_TASK TO COMPLETE_
Your answer must match, word for word, the lines from the one holding "奈良 橿原市 今井町 本町筋の茶店が並ぶ町家(「今井まちや館」から西方向)(夏)" through the final line below, with pictures excluded.

_GIVEN INFORMATION_
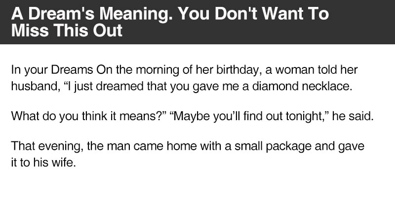 Diamond Necklace Dream Meaning : The meaning and symbolism of the word - «Intersection». Dreams can feel scary and foretelling to some, but other times they may seem like good and pointless fun. We earn a commission for products purchased through some links in this article. Do your dreams really hold a hidden meaning? The inportant part was when psychiatrist said u wear this collar becuase she was giving a pep talk to someone else the inportant part was when psychiatrist said u wear this collar becuase she was giving a pep talk to someone else 11 years a. What do our dreams mean?
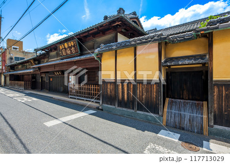 奈良 橿原市 今井町 本町筋の茶店が並ぶ町家(「今井まちや館」から西方向)(夏)
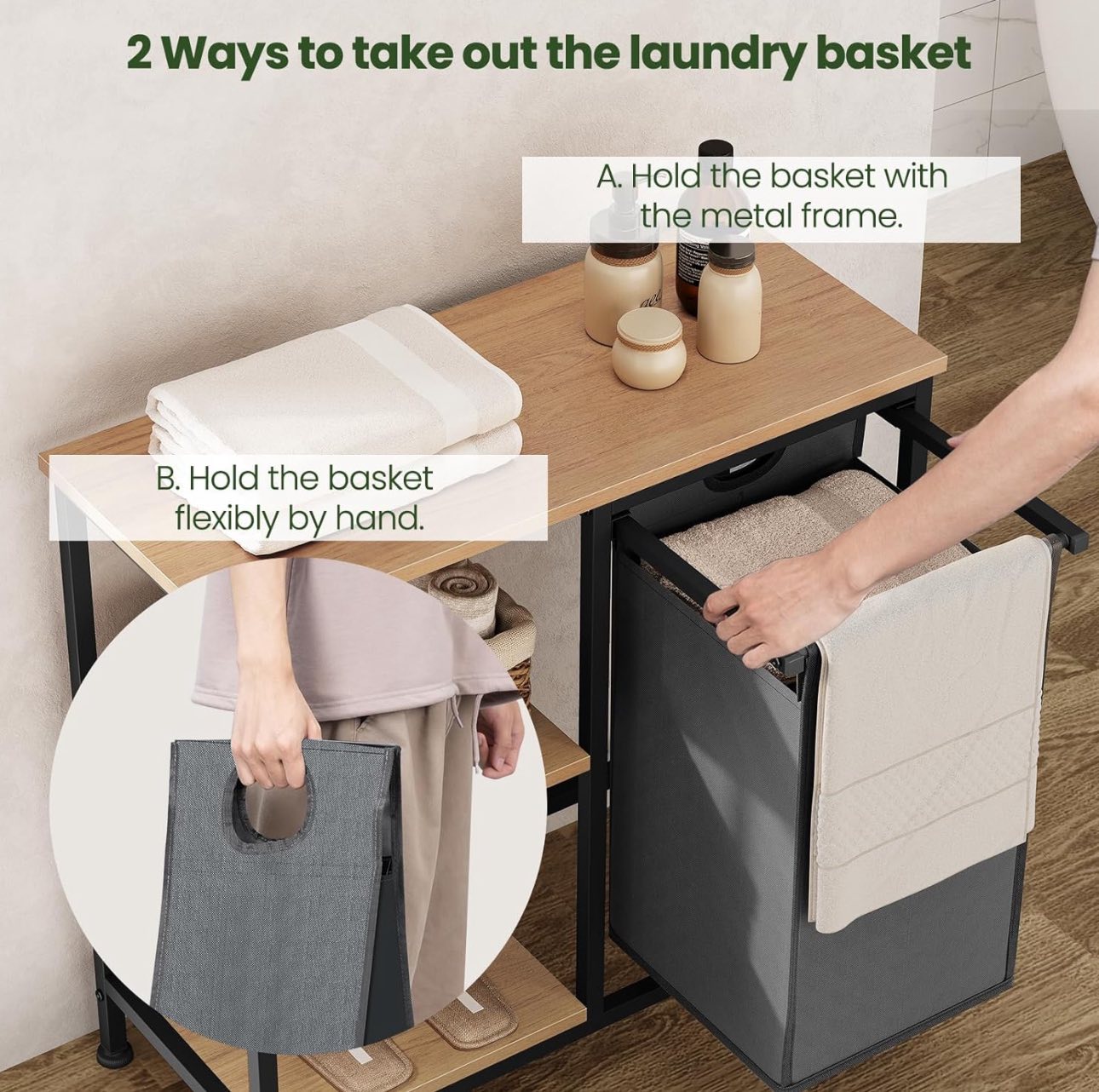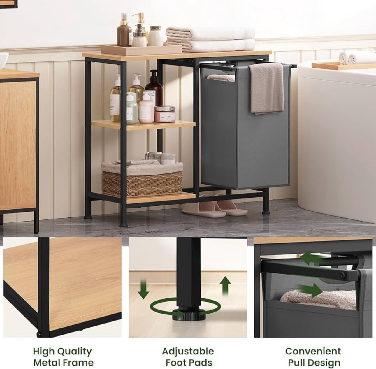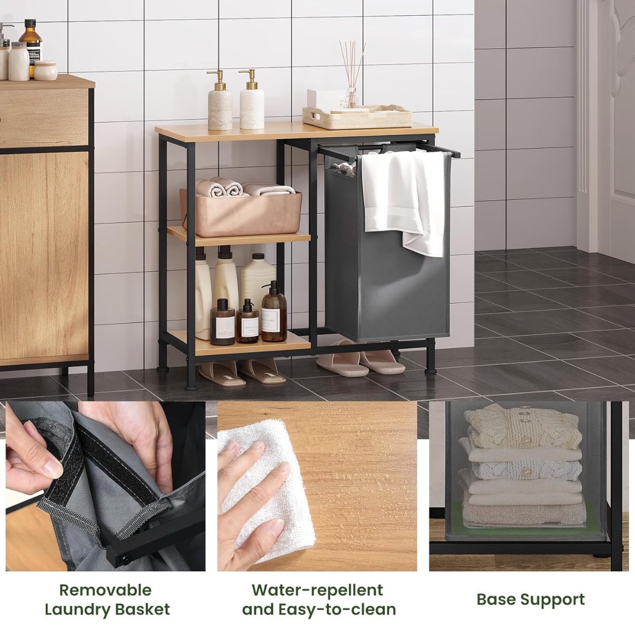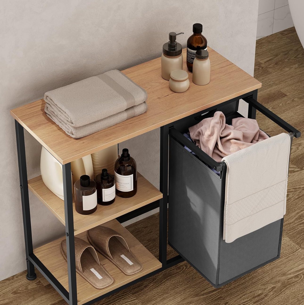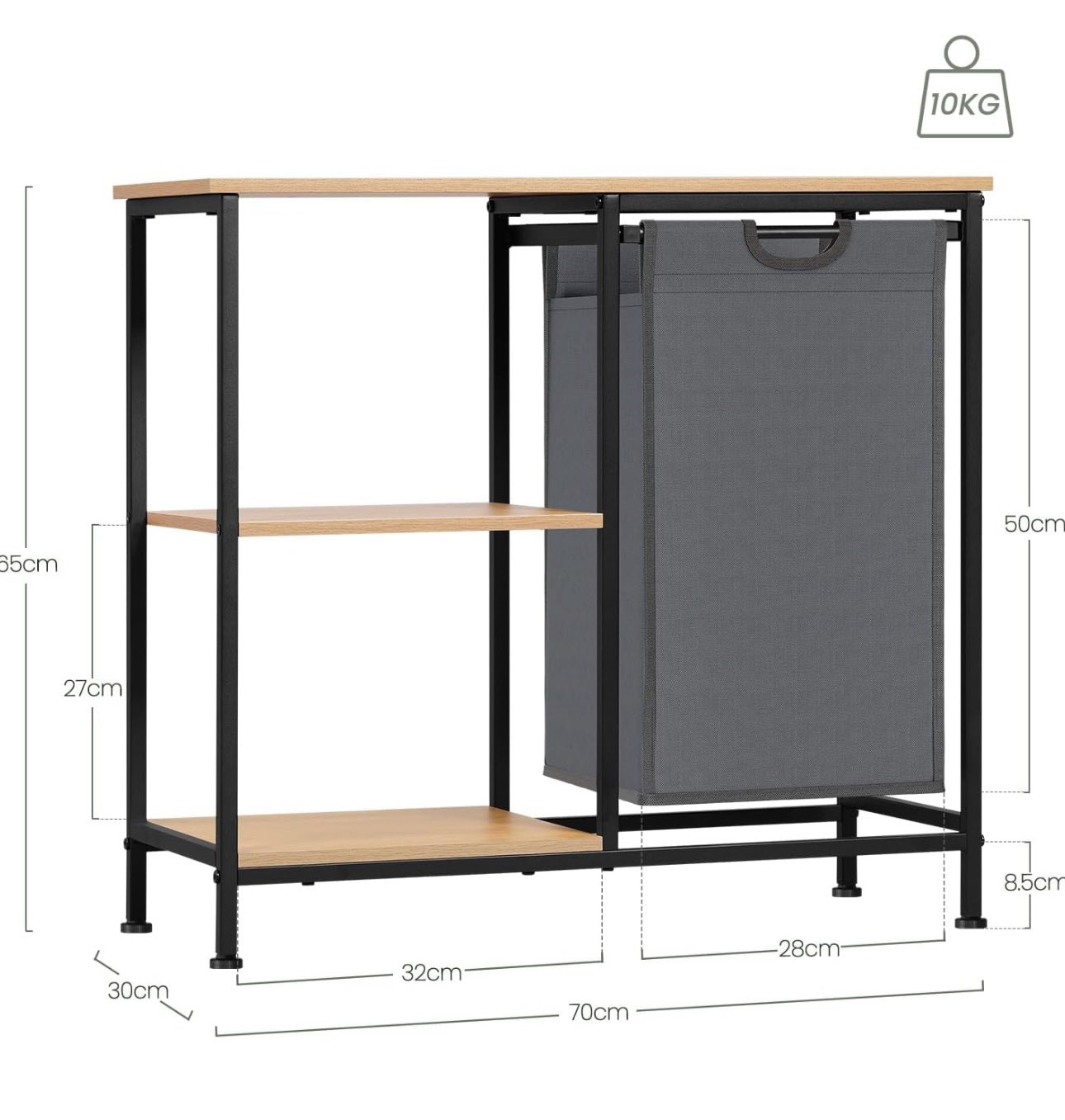 Vonios kambario lentyna su skalbinių krepšiu, 70 x 65 x 30 cm

_ANSWER SECTION_
 奈良 橿原市 今井町 本町筋の茶店が並ぶ町家(「今井まちや館」から西方向)(夏)
 Vonios kambario lentyna su skalbinių krepšiu, 70 x 65 x 30 cm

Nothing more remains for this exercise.